The next step I want to do is remove any unused classes, properties, and functions. If you don’t do this, you may spend time doing other refactoring on things that aren’t used – which is a waste of time.
NOTE: The code analysis tools below aren’t perfect. Sometimes, they say something isn’t used when it actually is used. Common things that are missed are properties in XAML and parameterless constructors used for deserialization.
Here are two ways to find unused classes, properties, and functions.
Visual Studio Code Analysis
In Visual Studio, you can create a custom “ruleset”. This is where you define the code issues you want to know about.
Unfortunately, you can only detect unused private members. This is because the code analyzer assumes public members might be used by other programs. This could be true if you’re publishing them as an API through a web service or releasing your code as a library.
With this program, the only projects using public classes are other projects inside the same solution. So, we can safely eliminate unused public members in this program. We just can’t find them through Visual Studio rulesets.
To find unused members with a Code Analysis Ruleset, from the Visual Studio menu select File -> New -> File… -> General -> Code Analysis Rule Set.
Uncheck all the rules. There are many rules we don’t care about right now – and some we probably won’t ever care about. As we clean the code, we can add more rules to check for.
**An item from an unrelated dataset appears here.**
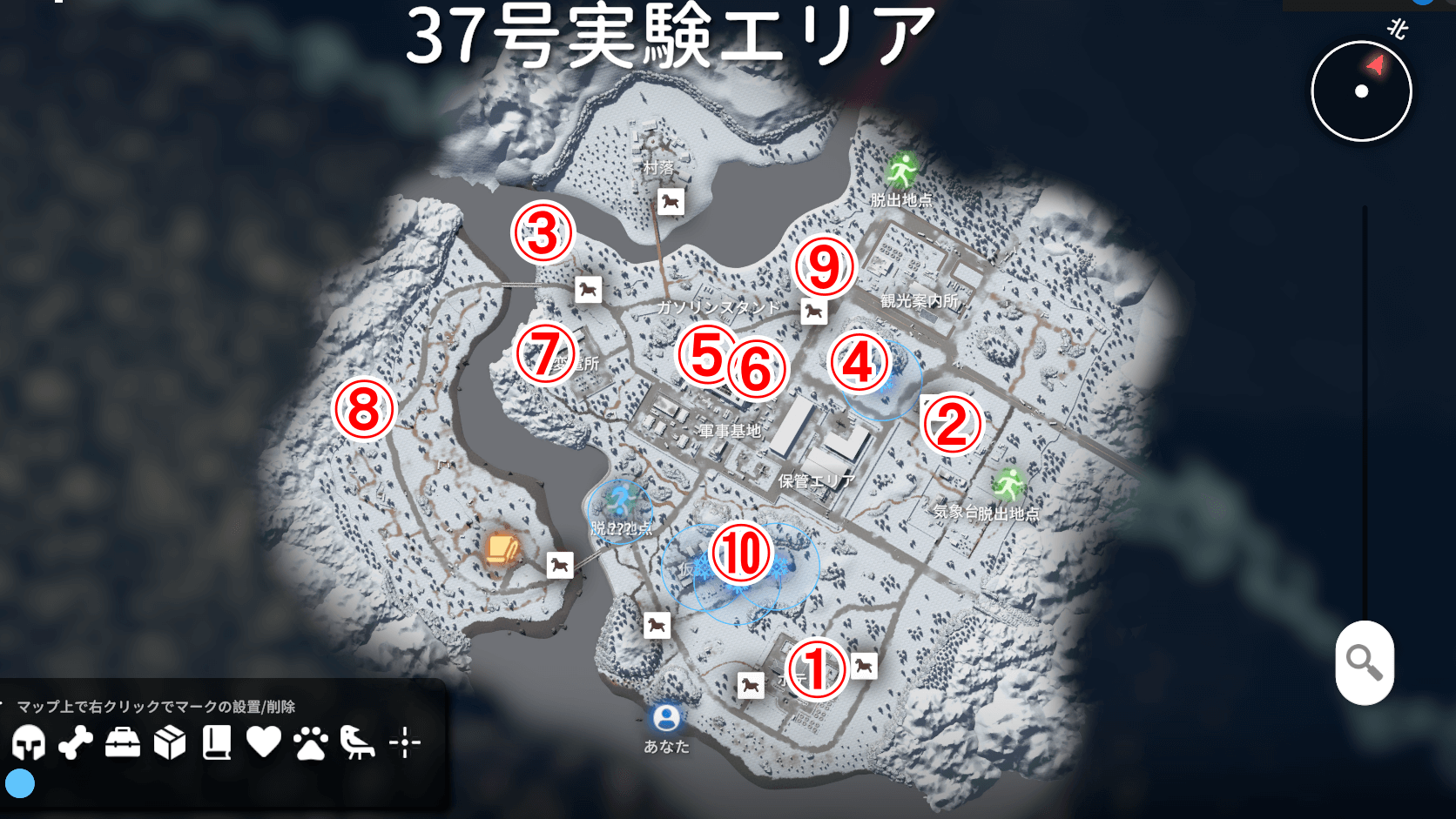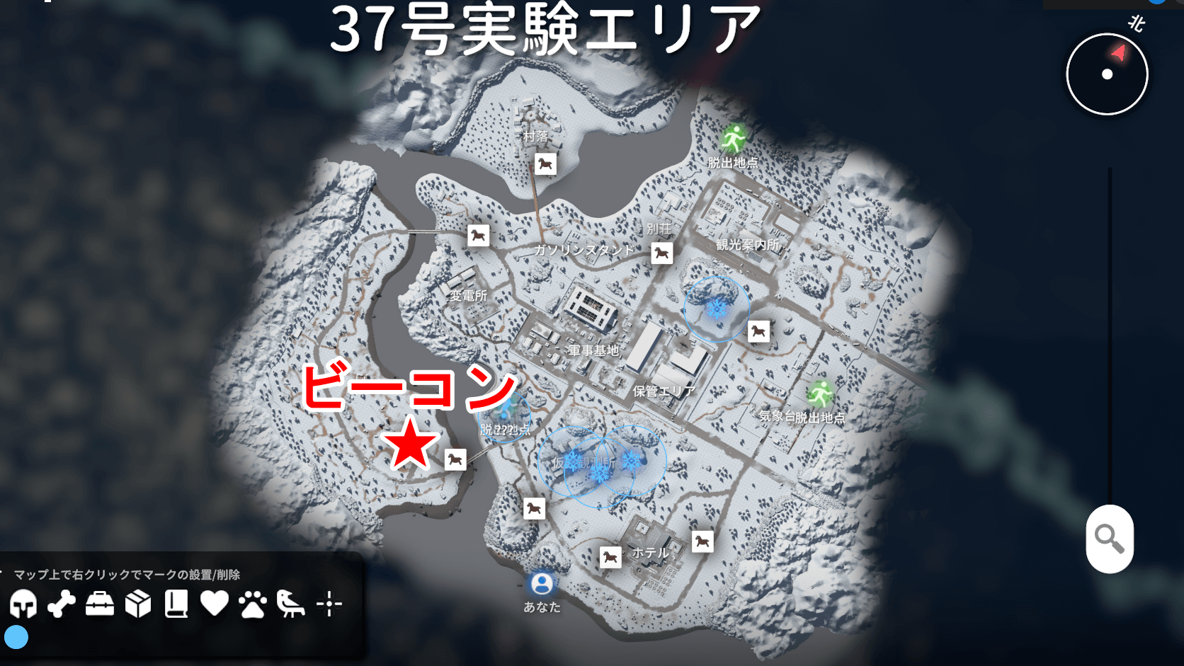 37号実験エリアに辿り着いたら、まずは南西にあるクエストマークの場所へ向かおう。該当場所は「救難信号-2」の指定場所で、ビーコンも設置してある。また、指定場所に訪れる際はマイナスドライバー1個とポリエチレンシート4個を持参するのがおすすめ。

In the search box (upper-right of the tab) search for the following terms (without the quotes). Check all the rules you see listed for them. Or, you can search for the following rule numbers: CA1801, CA1804, CA1811, CA1812, CA1823, and CS8020.
“unused”
“uninstantiated”
“uncalled”
Save ruleset file. In this example, I used “MyRules.ruleset”.
Right-click on the Engine project, in the Solution Explorer, and select “Properties”. On the Properties screen, select “Code Analysis”. Check “Enable Code Analysis on Build”, to have our rules checked every time we build the project. Click on the “Run this rule set:” combobox, select “<Browse…>”, and select the ruleset file you created.
Now, when you build the solution, you should see an “Error List” tab that displays any code that breaks a rule in your ruleset.
ReSharper Code Analysis
ReSharper has similar code analysis functions – with the advantage of checking for unused public members.
To run ReSharper’s code analysis, from the Visual Studio menu, select ReSharper -> Inspect – Code Issues in Solution.
This showed me 171 issues in the code. For this step, I only want to correct for unused classes, properties, methods, parameters, and variables. So, I selected “Issue Type and File” in the “Group by:” combobox and saw these results:
I checked “Class is never instantiated”, “Type or member is never used”, “Unused local variable”, and “Unused parameter”.
You need to be aware that this report is not perfect. ReSharper claimed Program.cs (from the SuperAdventureConsole project) is never used. It’s true that nothing else in the solution calls it. However, if you set the console project as the startup app, Program.cs is definitely used.
Double-check everything before making a change based on either code analysis tool.
Combined code analysis results
The two code analysis tools identified a few refactoring changes I made.
Engine\Models\Player.cs
Removed unused “currentLocationID” parameter in CreatPlayerFromDatabase. This required a change to PlayerDataMapper.CreateFromDatabase(), which called Player.CreatePlayerFromDatabase().
Engine\Models\Vendor.cs
Removed the unused function “RemoveFromInventory”
Engine\Utilities\PlayerDataMapper.cs
Removed unused “ex” variable in catch statements
SuperAdventureConsole\Program.cs
Removed unused “args” parameter.
Manual refactoring changes
I also went through each of the classes, since this is a small program, and checked for unused (or commented-out) code and removed it.
Engine\Models\Player.cs
Removed commented-out line from CreatePlayerFromDatabase function.
Summary
There wasn’t much unused code, and this is a small program, so this step wasn’t difficult.
In a larger program, if you need to remove a large amount of unused code, do it in small steps. After removing a class (or a few functions/properties/etc.), rebuild the solution, run the tests (if there are any), and run the program. You may find the code you removed actually was needed.
If everything still works, commit these few changes to your source control, as a “checkpoint” save. Just like playing a computer game and you’re about to enter a new dungeon. If things don’t work out, you want to go back to a recent set of working code.
This tab “Code Analysis” not exist in visual studio “.Net Core” projects only in regular Framework projects. Do you know why?
I found this suggestion on StackOverflow: https://stackoverflow.com/questions/44726384/enabling-microsofts-code-analysis-on-net-core-projects. Because .NET Core is newer, Microsoft might not have built in the Code Analysis to Visual Studio yet.
Attempted this with Visual Studio 2022 and there do not appear to be any rules for finding unused public methods. The rules all seem to be limited to private items. So this doesn’t look like it will help removing unused public methods from projects.
Thanks for mentioning this. Microsoft likes to move things around, and this was using an older version of Visual Studio. I made a note to fix this.